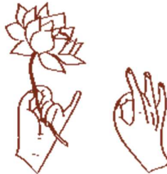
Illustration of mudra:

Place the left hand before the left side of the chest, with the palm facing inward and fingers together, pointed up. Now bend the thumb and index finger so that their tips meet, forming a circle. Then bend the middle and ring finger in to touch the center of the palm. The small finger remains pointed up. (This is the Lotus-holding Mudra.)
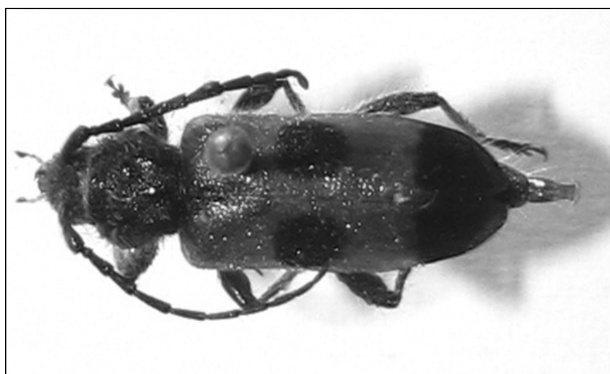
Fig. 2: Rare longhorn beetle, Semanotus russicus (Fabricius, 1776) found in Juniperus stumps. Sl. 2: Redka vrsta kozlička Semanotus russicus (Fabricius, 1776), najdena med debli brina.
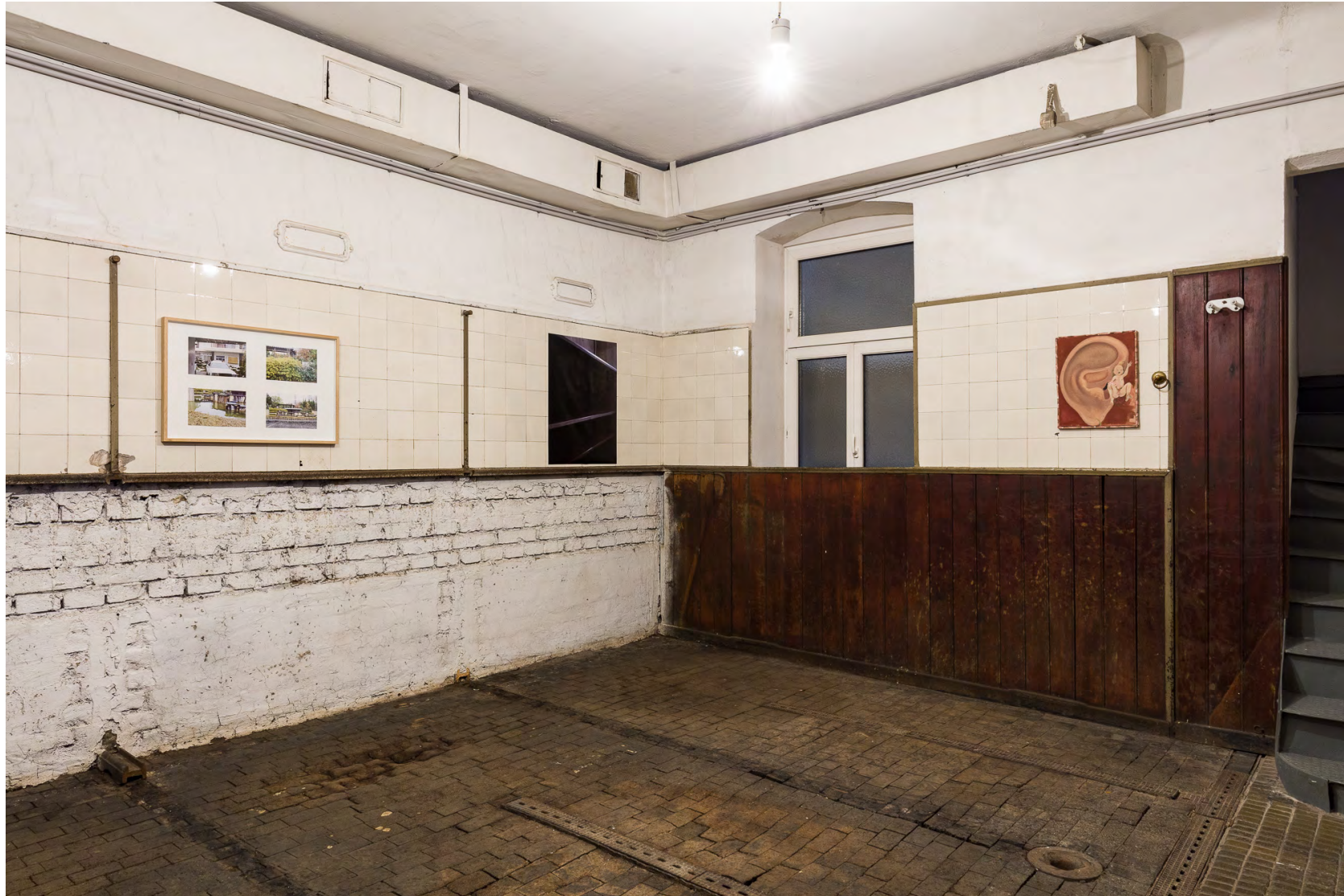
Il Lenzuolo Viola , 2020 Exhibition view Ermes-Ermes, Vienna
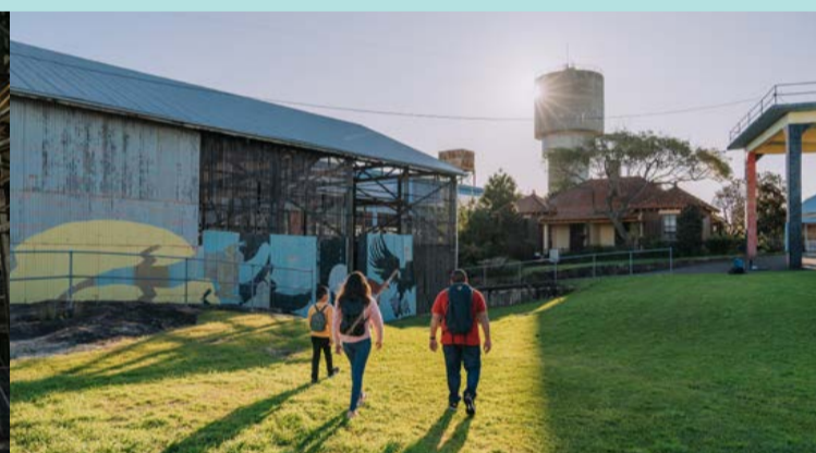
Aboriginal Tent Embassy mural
■ ■ ■ ■ ■
▶ [Goal of the exercise]: Output nothing but the records above, word for word, with the pictures removed.

▶ [Answer for the task]:
Illustration of mudra:

Place the left hand before the left side of the chest, with the palm facing inward and fingers together, pointed up. Now bend the thumb and index finger so that their tips meet, forming a circle. Then bend the middle and ring finger in to touch the center of the palm. The small finger remains pointed up. (This is the Lotus-holding Mudra.)
Fig. 2: Rare longhorn beetle, Semanotus russicus (Fabricius, 1776) found in Juniperus stumps. Sl. 2: Redka vrsta kozlička Semanotus russicus (Fabricius, 1776), najdena med debli brina.
Il Lenzuolo Viola , 2020 Exhibition view Ermes-Ermes, Vienna
Aboriginal Tent Embassy mural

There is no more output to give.